Dataset records Block Start

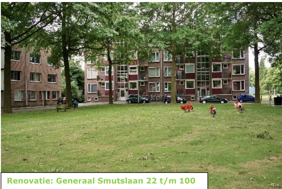
Renovatie: Generaal Smutslaan 22 t/m 100
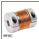
MFBC Giunto a soffietto, Alluminio e bronzo - con ganaschia di serraggio
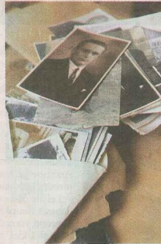
Muziejui perduotos A. M. Brazausko fotografijos

Perduotos Turniškėse buvusios prezidento bibliotekos knygos. Daug kny-
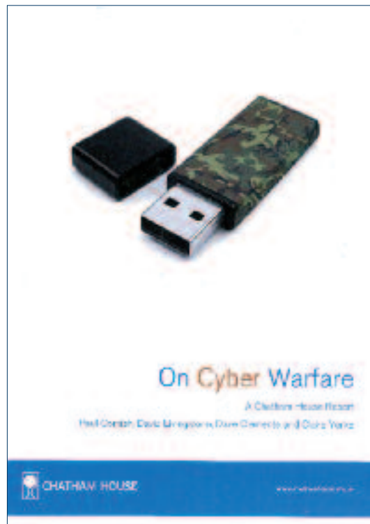
Cover van het rapport 'On Cyber Warfare'

Deze deelstrategie noemt bovendien slechts vijf vitale nationale belangen 26 en mist ten onrechte
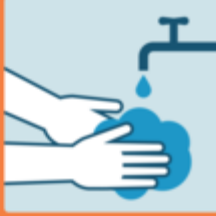
Lavarsi le mani
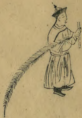
生 外 羽 倒 指 內 少 垂 並 簫 植
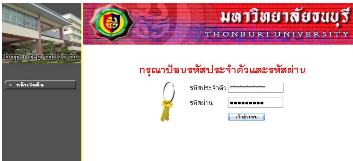
ภาพที่ 3.1 หน้าจอรุ่นเมนู รหัสผ่านประจำตัว และ รหัสผ่าน เพื่อเข้าใช้ระบบ
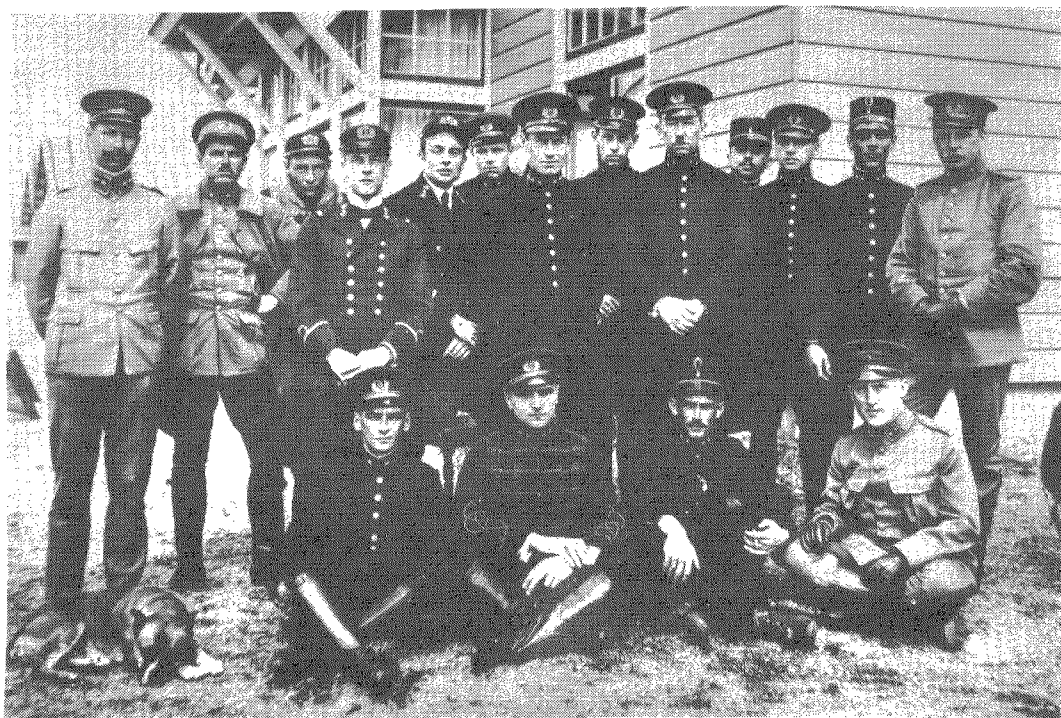
Een groep officieren in 1916.

In die tijd werden ook officieren van de Koninklijke Marine en van het Nederlandsch Indische Leger bij de Luchtvaartafdeling op Soesterberg opgeleid tot vlieger.
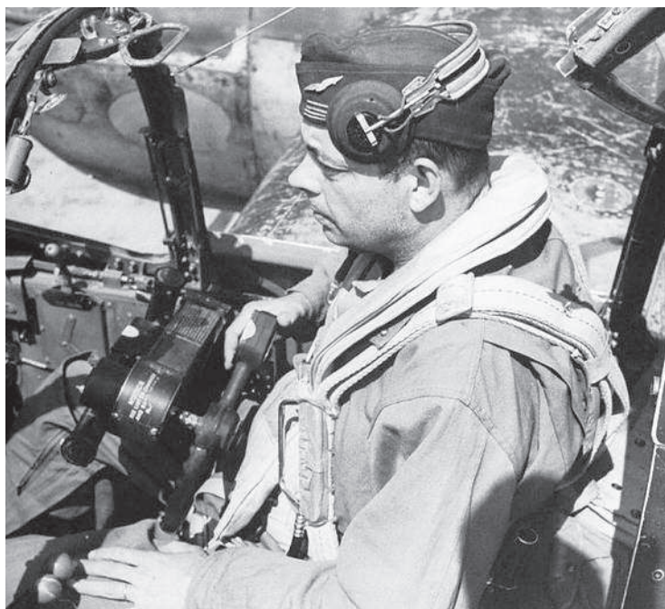
Антуан де Сент-Экзюпери в кабине Р-38 «Лайтнинг»

пилотирование нового скоростного самолета Р-38 «Лайтнинг».
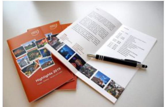
Die „Highlights 2019“.

Die „Highlights 2019“ für den Kreis Unna sind druckfrisch auf dem Markt. Die in Zusammenarbeit mit den Städten und Gemeinden entstandene Broschüre weist auf beliebte Veranstaltungen und überregional beachtete Events hin.
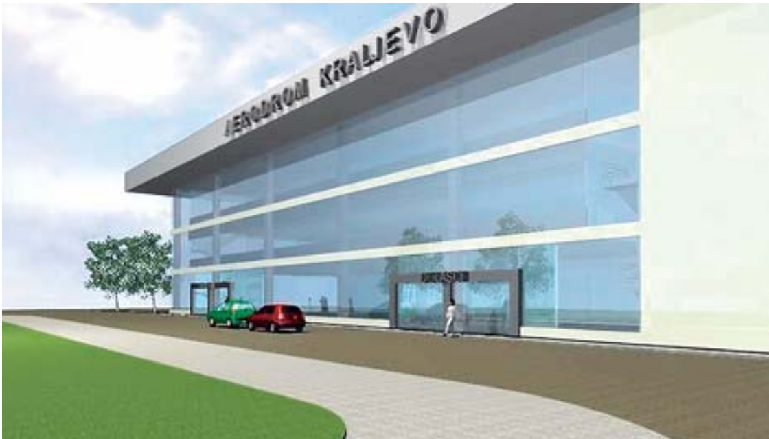
Kompjuterski prikaz pristanišne zgrade

Započeti su radovi na prilagođavanju vojnog aerodroma „Lađevci” kod Kraljeva za civilni vazdušni saobraćaj. – Krajem godine sletće prvi putnički avioni
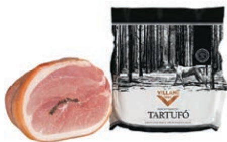
COT010 COTTO AL TARTUFO A 1/2
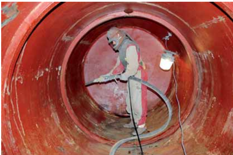
Mit einem Sandstrahler wird der zu sanierende Tank für den Schutzanstrich vorbereitet.
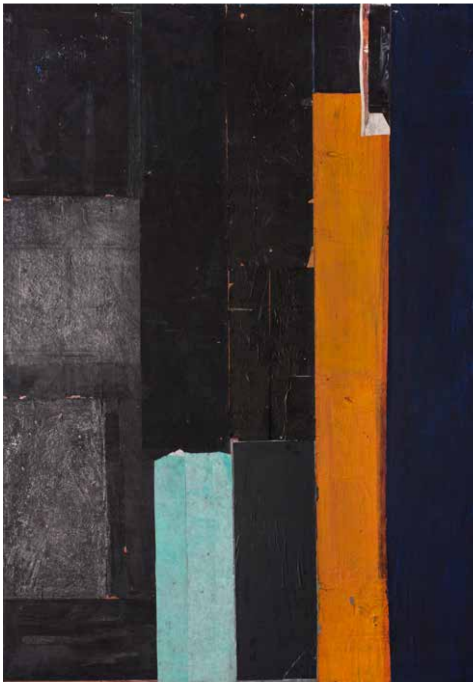
Барселона, 1996, 216 x 150, пигменти на јапанском папиру Barcelona, 1996, 216 x 150, pigments on Japanese paper
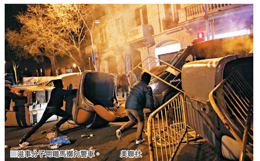
滋事份子用鐵馬擲向警車。
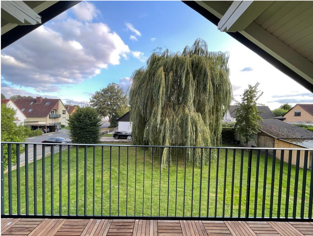
Blick von der Loggia
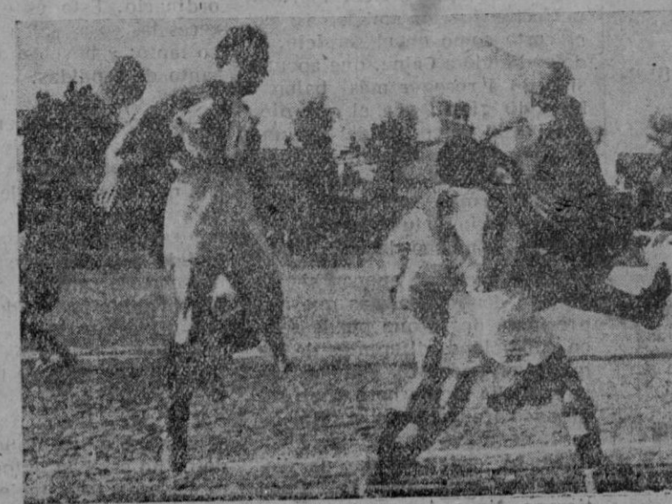
Dos momentos del partido jugado entre el "Hércules" y el "Atletico Baleares"
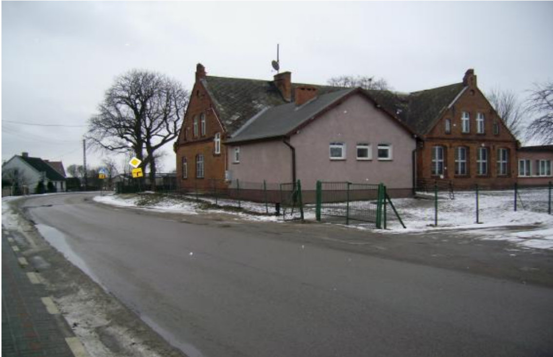
Rys.2. Widok na wieś

Natomiast na rysunkach 2, 3 i 4 zawarto zdjęcia wybranej części wsi wraz z widokiem świetlicy.
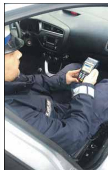
W strzeelińskiej jednostce są trzy takie urządzenia, w które wyposażeni są policjanci ruchu drogowego

Strzeelińscy policjanci otrzymali terminale płatnicze. Dzięki temu za mandat kierowcy będą mogli zapłacić od razu kartą. Nowe wyposażenie mundurowych to efekt projektu ustawy przyjętej przez Radę Ministrów. - Wybór formy płatności będzie zależał od osoby ukaranej – zaznacza asp. sżtab.
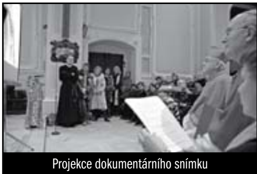
Projekce dokumentárního snímku

„z největší píšťaly“. Jedná se o starobylou tradici, kdy se žehná takové množství vína, které by bylo možné nalít do největší píšťaly varhan. U nových svatohorských varhan je to píšťala C pedálového rejstříku Principalbas a její objem je 78,2l. Zároveň 27. prosince slaví církev svátek svatého Jana. Tento svátek rovněž obsahuje zvyk žehnat víno. Požehnané víno pak bylo rozléváno při recepci do karaf s motivem stavby nových varhan. Nešpory byly zakončeny požehnáním a zpěvem písně „Narodil se Kristus Pán“.
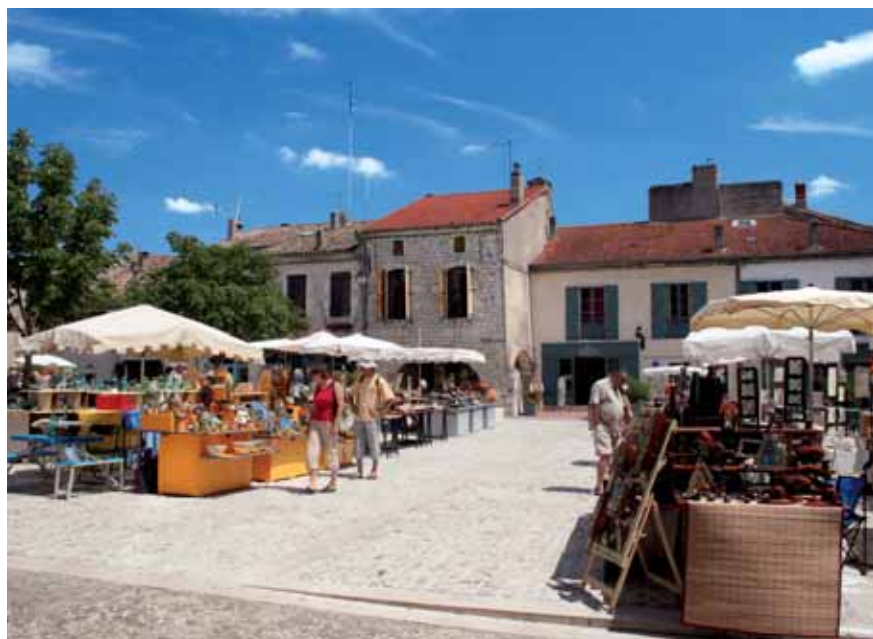
Les foires, marchés et Salons artisanaux contribuent à la valorisation de savoir-faire, mais aussi à la promotion de certains territoires.

comme la localisation et les caractéristiques géographiques, la richesse du patrimoine, sans oublier, bien évidemment, l'accessibilité fortement liée à la qualité des infrastructures.

Dataset records Block End

## What you need to do:
Above are some entries. Restate word for word the lines from the one holding "滋事份子用鐵馬擲向警車。" through the one holding "W strzeelińskiej jednostce", but not the pictures.

## Your solution:
滋事份子用鐵馬擲向警車。
Blick von der Loggia
Dos momentos del partido jugado entre el "Hércules" y el "Atletico Baleares"
Rys.2. Widok na wieś

Natomiast na rysunkach 2, 3 i 4 zawarto zdjęcia wybranej części wsi wraz z widokiem świetlicy.
W strzeelińskiej jednostce są trzy takie urządzenia, w które wyposażeni są policjanci ruchu drogowego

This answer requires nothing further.